**ACTIVITY**
In the material below, begin at the line that has "The distribution of", stop after the line that has "Con il presente", and transcribe those lines exactly, without pictures.

**PROVIDED DATA**

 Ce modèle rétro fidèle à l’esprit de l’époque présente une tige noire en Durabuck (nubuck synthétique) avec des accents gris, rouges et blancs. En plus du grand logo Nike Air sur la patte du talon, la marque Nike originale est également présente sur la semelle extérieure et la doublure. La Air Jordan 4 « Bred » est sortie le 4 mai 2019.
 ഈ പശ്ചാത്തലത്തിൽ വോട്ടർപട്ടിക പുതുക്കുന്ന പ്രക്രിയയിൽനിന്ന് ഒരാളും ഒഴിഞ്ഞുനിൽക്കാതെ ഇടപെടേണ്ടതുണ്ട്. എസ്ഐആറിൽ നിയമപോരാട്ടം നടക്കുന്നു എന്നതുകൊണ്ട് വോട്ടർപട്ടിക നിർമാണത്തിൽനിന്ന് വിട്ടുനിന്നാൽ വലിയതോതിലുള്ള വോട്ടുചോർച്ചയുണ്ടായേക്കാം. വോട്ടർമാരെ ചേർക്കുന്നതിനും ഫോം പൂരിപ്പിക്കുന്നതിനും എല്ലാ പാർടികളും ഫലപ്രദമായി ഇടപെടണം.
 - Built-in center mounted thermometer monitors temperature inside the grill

==

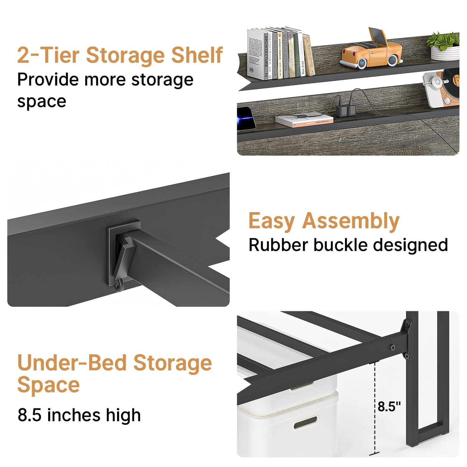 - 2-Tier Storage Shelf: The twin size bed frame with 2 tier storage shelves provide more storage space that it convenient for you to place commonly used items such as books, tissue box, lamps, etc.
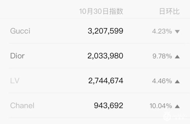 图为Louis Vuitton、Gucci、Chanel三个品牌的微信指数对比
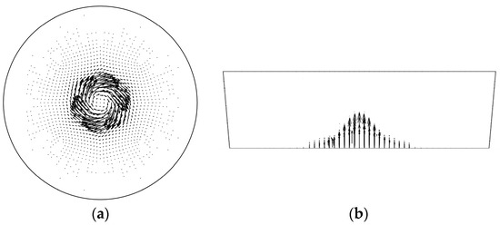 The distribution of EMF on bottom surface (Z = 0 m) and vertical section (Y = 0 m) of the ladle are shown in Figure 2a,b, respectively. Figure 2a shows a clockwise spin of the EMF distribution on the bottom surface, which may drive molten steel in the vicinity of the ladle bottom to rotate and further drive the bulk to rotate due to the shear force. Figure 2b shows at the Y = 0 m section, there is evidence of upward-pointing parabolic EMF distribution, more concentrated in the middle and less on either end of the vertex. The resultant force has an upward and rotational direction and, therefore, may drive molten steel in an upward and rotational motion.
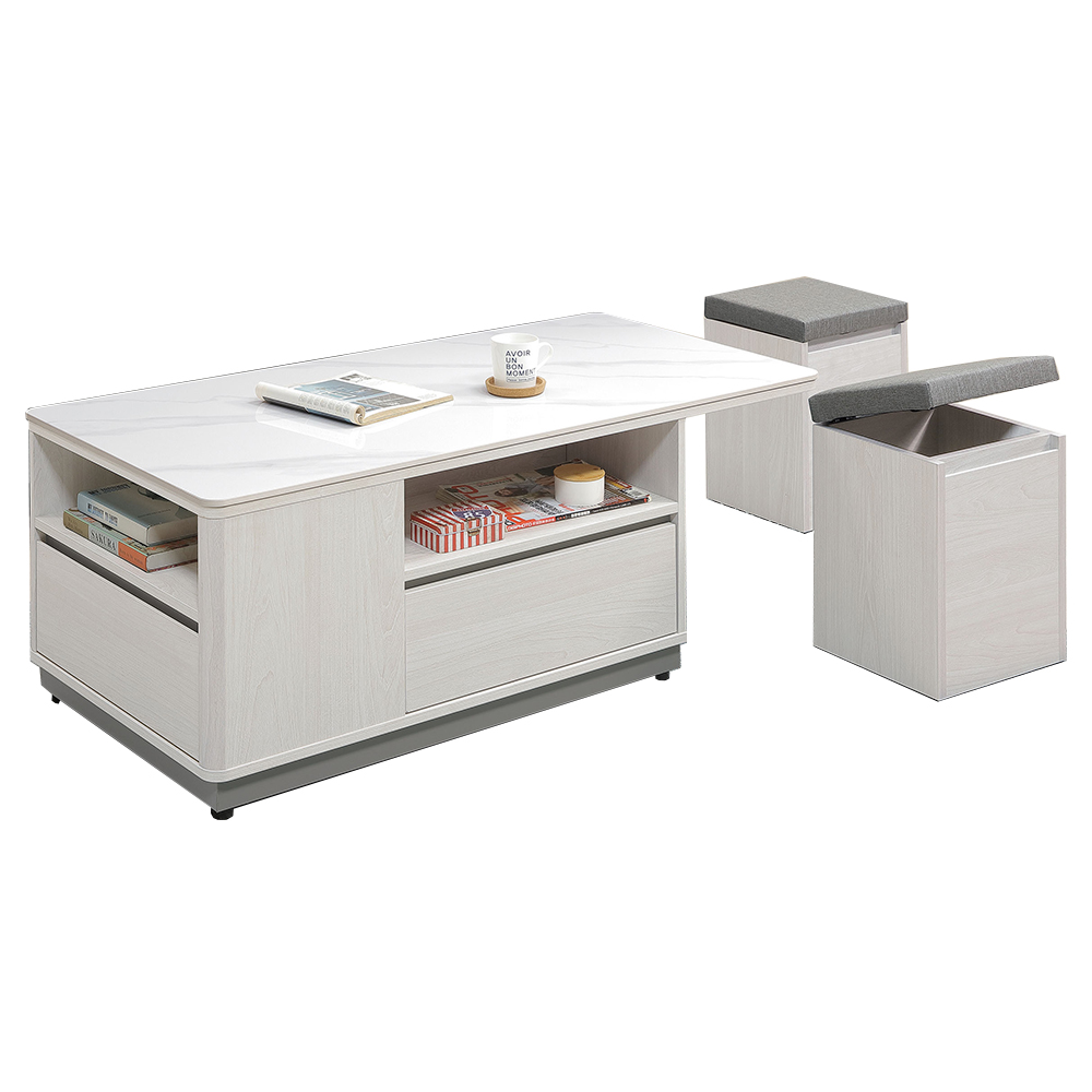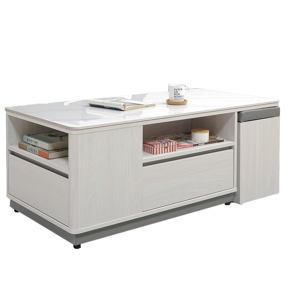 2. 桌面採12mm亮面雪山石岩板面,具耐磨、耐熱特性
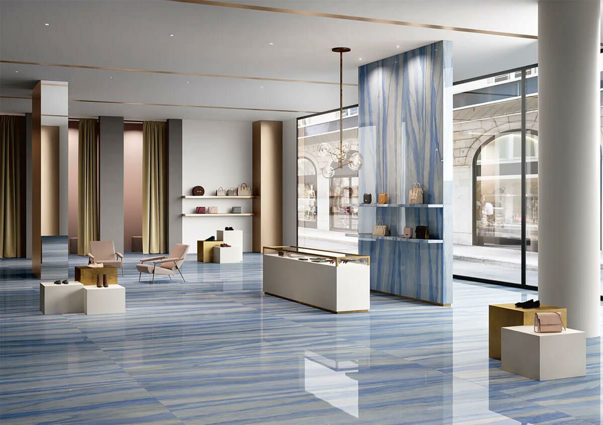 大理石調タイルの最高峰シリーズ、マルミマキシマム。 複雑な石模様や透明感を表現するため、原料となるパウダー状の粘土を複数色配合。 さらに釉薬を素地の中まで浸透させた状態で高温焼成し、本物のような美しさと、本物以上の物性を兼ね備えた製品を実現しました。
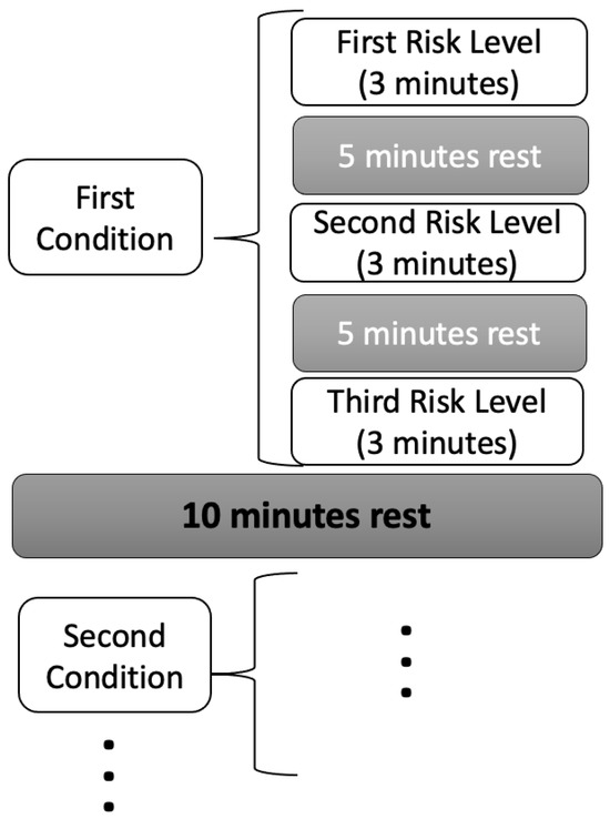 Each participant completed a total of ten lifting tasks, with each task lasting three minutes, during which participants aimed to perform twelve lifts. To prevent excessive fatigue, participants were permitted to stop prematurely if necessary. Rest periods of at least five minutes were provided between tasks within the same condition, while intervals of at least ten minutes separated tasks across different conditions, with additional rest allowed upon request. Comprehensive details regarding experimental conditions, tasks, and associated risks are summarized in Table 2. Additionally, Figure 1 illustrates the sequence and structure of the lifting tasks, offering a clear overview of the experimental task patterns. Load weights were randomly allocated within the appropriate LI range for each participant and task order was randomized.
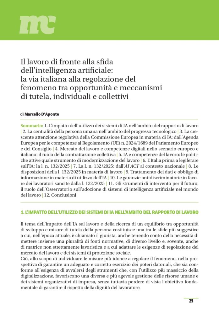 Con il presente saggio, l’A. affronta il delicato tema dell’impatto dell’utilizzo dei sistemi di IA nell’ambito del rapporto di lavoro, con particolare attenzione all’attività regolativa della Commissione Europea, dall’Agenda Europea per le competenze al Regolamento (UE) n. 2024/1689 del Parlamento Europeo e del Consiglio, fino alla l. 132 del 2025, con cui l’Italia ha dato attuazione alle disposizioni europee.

**THE ANSWER**
 The distribution of EMF on bottom surface (Z = 0 m) and vertical section (Y = 0 m) of the ladle are shown in Figure 2a,b, respectively. Figure 2a shows a clockwise spin of the EMF distribution on the bottom surface, which may drive molten steel in the vicinity of the ladle bottom to rotate and further drive the bulk to rotate due to the shear force. Figure 2b shows at the Y = 0 m section, there is evidence of upward-pointing parabolic EMF distribution, more concentrated in the middle and less on either end of the vertex. The resultant force has an upward and rotational direction and, therefore, may drive molten steel in an upward and rotational motion.
 2. 桌面採12mm亮面雪山石岩板面,具耐磨、耐熱特性
 大理石調タイルの最高峰シリーズ、マルミマキシマム。 複雑な石模様や透明感を表現するため、原料となるパウダー状の粘土を複数色配合。 さらに釉薬を素地の中まで浸透させた状態で高温焼成し、本物のような美しさと、本物以上の物性を兼ね備えた製品を実現しました。
 Each participant completed a total of ten lifting tasks, with each task lasting three minutes, during which participants aimed to perform twelve lifts. To prevent excessive fatigue, participants were permitted to stop prematurely if necessary. Rest periods of at least five minutes were provided between tasks within the same condition, while intervals of at least ten minutes separated tasks across different conditions, with additional rest allowed upon request. Comprehensive details regarding experimental conditions, tasks, and associated risks are summarized in Table 2. Additionally, Figure 1 illustrates the sequence and structure of the lifting tasks, offering a clear overview of the experimental task patterns. Load weights were randomly allocated within the appropriate LI range for each participant and task order was randomized.
 Con il presente saggio, l’A. affronta il delicato tema dell’impatto dell’utilizzo dei sistemi di IA nell’ambito del rapporto di lavoro, con particolare attenzione all’attività regolativa della Commissione Europea, dall’Agenda Europea per le competenze al Regolamento (UE) n. 2024/1689 del Parlamento Europeo e del Consiglio, fino alla l. 132 del 2025, con cui l’Italia ha dato attuazione alle disposizioni europee.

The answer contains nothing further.